Parmeliella triptophylloides

Scientific classification
- Domain: Eukaryota
- Kingdom: Fungi
- Division: Ascomycota
- Class: Lecanoromycetes
- Order: Peltigerales
- Family: Pannariaceae
- Genus: Parmeliella
- Species: P. triptophylloides
- Binomial name: Parmeliella triptophylloides P.M.Jørg. (2003)
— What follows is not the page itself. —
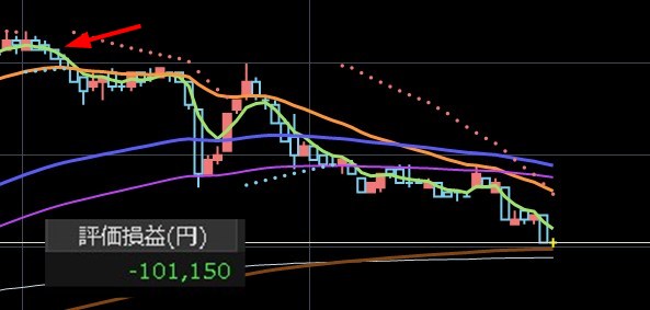 あかんわ・・・並行して日経が下げてきてるからめっちゃ売られうやん。含み損がガンガン増える。ワイが売り出した途端、ズドンときてね・・・ほんとうにね。絶対見られてるわ。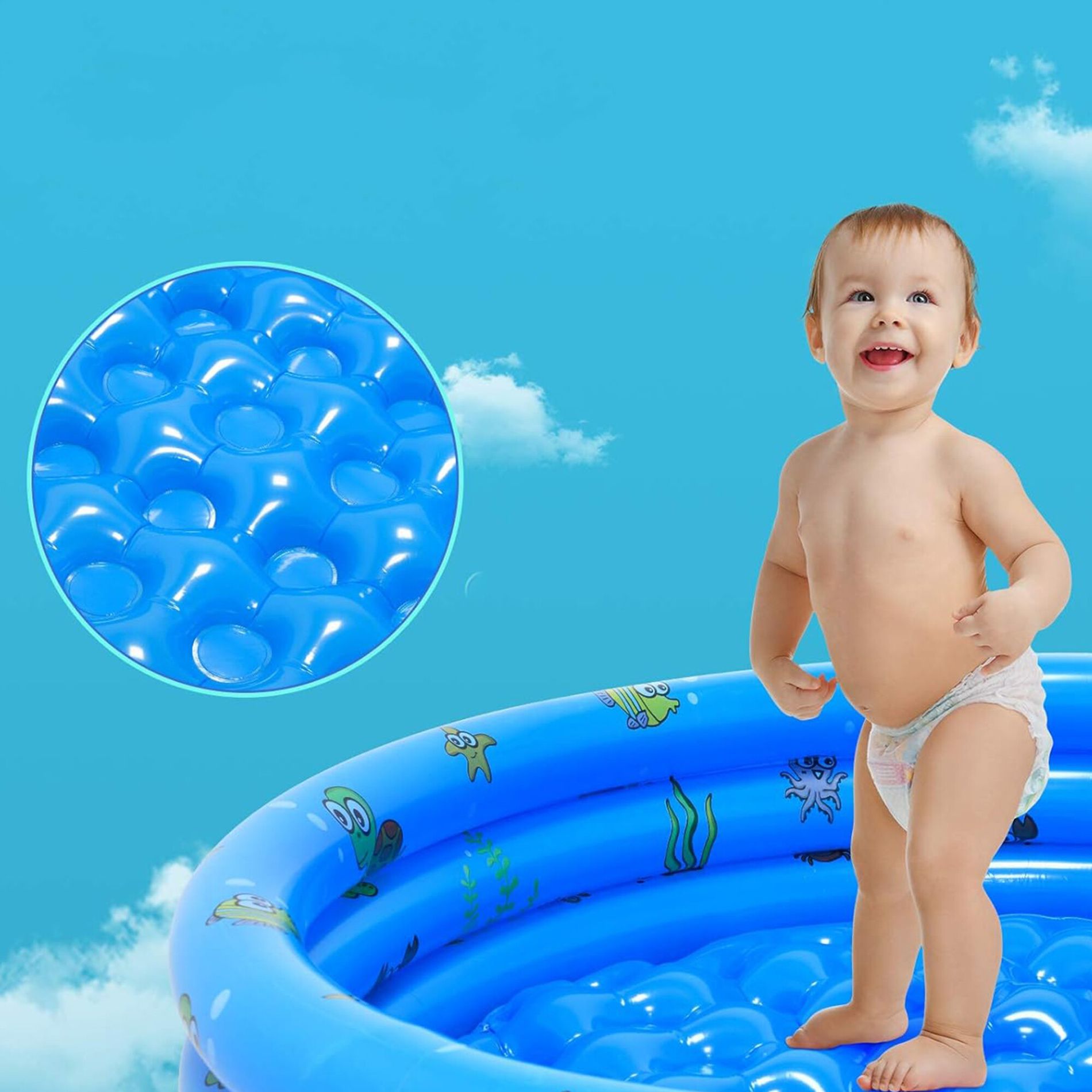 Mehko napihljivo dno bazena zagotavlja udobje in varnost vaših otrok.

= Parmeliella triptophylloides =

- Authority: P.M.Jørg. (2003)

Species of lichen

Parmeliella triptophylloides is a species of corticolous (bark-dwelling) lichen in the family Pannariaceae. Found in east Africa, it was formally described as a new species in 2003 by Norwegian lichenologist Per Magnus Jørgensen. The type specimen was collected by Dutch mycologist Rudolf Arnold Maas Geesteranus in 1949, from the Cherang'any Hills (Trans-Nzoia County, Kenya) at an elevation of 900 m. In addition to the type locality, it has also been recorded from the Luhangalo Plateau in Tanzania.
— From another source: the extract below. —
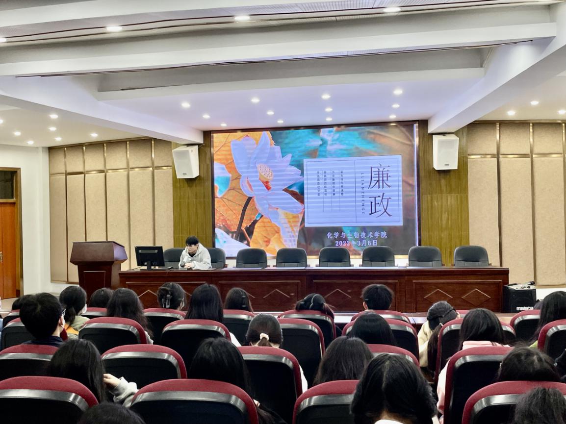 为进一步加强校园廉洁文化建设,切实加强领会高校教育阵地在“廉洁文化”教育活动的重要性,有效开展廉洁文化进校园的工作,营造“以廉为荣、以贪为耻”的校园文化氛围,化学与生物技术学院于2022年3月面向全体学生开展了以“紧跟时代步伐,坚定反腐倡廉”为主题的系列教育活动。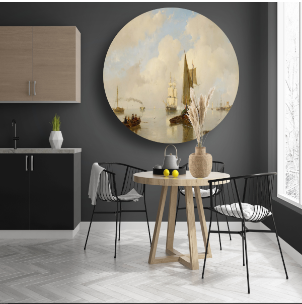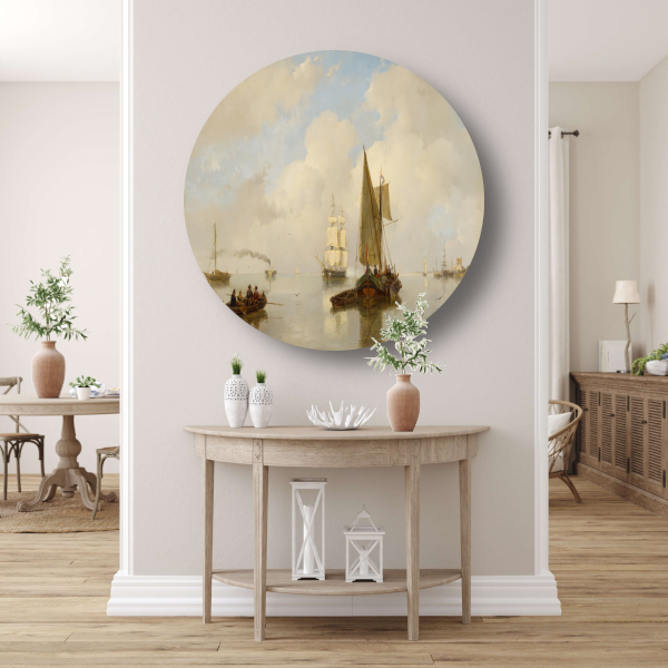 De Zeeuwsche stroomen bij stil weder, in t verschiet eene stoomboot - Andreas Schelfhout aluminium muurcirkel

Parmeliella triptophylloides has a thallus that is both crustose (crusty) and squamulose (scaley), and in maturity breaks into areoles. The thallus rests upon a blackish, crust-like prothallus. The squamules are rounded to elongated, smooth and greyish-brown, measuring up to 1.5 mm wide. Greyish-blue isidia covers the squamules and obscure the thallus. The lichen is somewhat similar in morphology to Parmeliella triptophylla; the specific epithet triptophylloides refers to this resemblance.